Expression of human TNRC6A and its effect on GWB formation
In this study, we have identified TNGW1 as a novel 210-kDa isoform of GW182 with both proteins highly enriched in GWBs. As predicted in the NCBI GenBank database, the amino acid sequences of TNGW1 and GW182 are identical, with the exception that TNGW1 has an extra 253-aa polypeptide in its N-terminus. TNGW1 was expressed in several human cancer cell lines and human testis together with the reported short isoform GW182. Our data demonstrated that TNGW1 and GW182 are expressed independently, and GW182 was the predominant gene product. The expression of their mRNAs is possibly due to alternative splicing, alternative promoters or transcriptional start sites. The expression levels of each isoform under different cellular conditions with potentially different RNAi activities and the factors determining their expression need further investigation.

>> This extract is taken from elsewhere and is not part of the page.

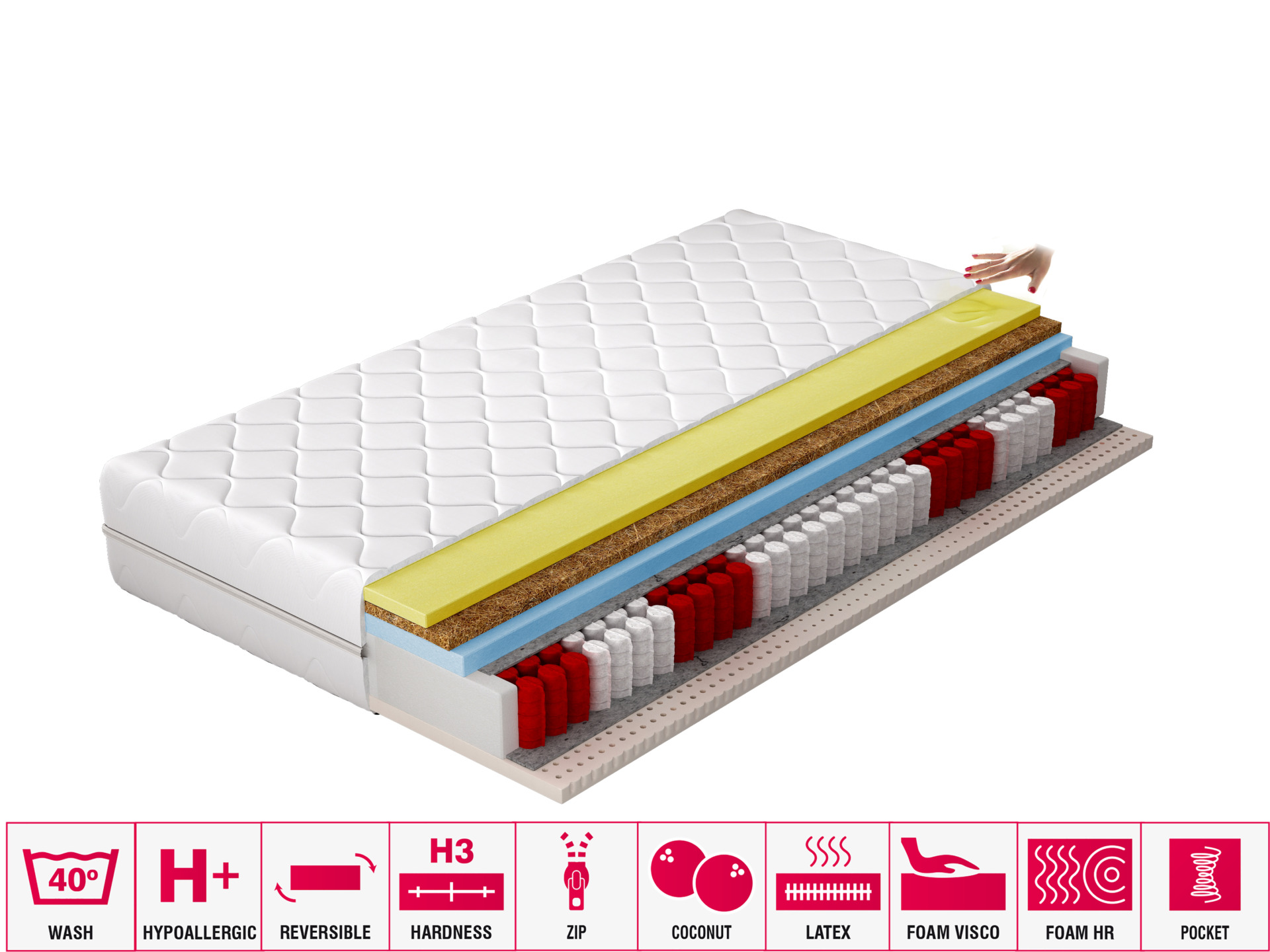 Patogus nakties miegas yra raktas į sėkmingą dieną, todėl suprantame, kaip svarbu pasirinkti tobulą čiužinį pagal savo poreikius. ’Sola“ termoelastinis čiužinys yra puikus pasirinkimas tiems, kurie vertina gerą nakties miegą. „Sola“ čiužinys susideda iš kišeninių spyruoklių, kurios neleidžia čiužiniui banguotis ar vibruoti, ir trijų tipų putų. Vienoje pusėje yra latekso putos, kitoje – didelio elastingumo HR putos ir „Visco“ putos, atskirtos kokoso pluošto plokšte, kuri padidina čiužinio kietumą. Viską užbaigia nuimamas užvalkalas.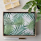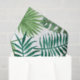 O design apresenta ilustrações atraentes de frondas palmeiras e folhas. Eles são pintados em aquarela por um artista qualificado. As folhas verdes parecem absolutamente lindas!

Both TNGW1 and GW182 were highly enriched in GWBs, but TNGW1 was detected only in about one-third of endogenous GWBs. Knockdown of TNGW1 did not noticeably disrupt GWB formation indicating that TNGW1 was not required for the formation of many GWBs. Both TNGW1 and GW182 exerted a similar translational repression effect in the tethering assay, and these data implied that TNGW1 might be functionally redundant and that GW182 has a more-important role in the formation of GWBs. However, this interpretation needs to be solidified by determining the effect of TNGW1 on GWB formation in the absence of GW182. Since an efficient method to knock down GW182 without affecting TNGW1 is not currently available, it remains unclear whether TNGW1 alone can substitute for all putative function for GW182. Given that TNGW1 contains the whole amino acid sequence of GW182, it is likely that TNGW1 is capable of most functional characters of GW182. With the extended N-terminal region containing the TNR Q-repeat domain, the full functional characteristics for TNGW1, in addition to GW182, remain to be determined.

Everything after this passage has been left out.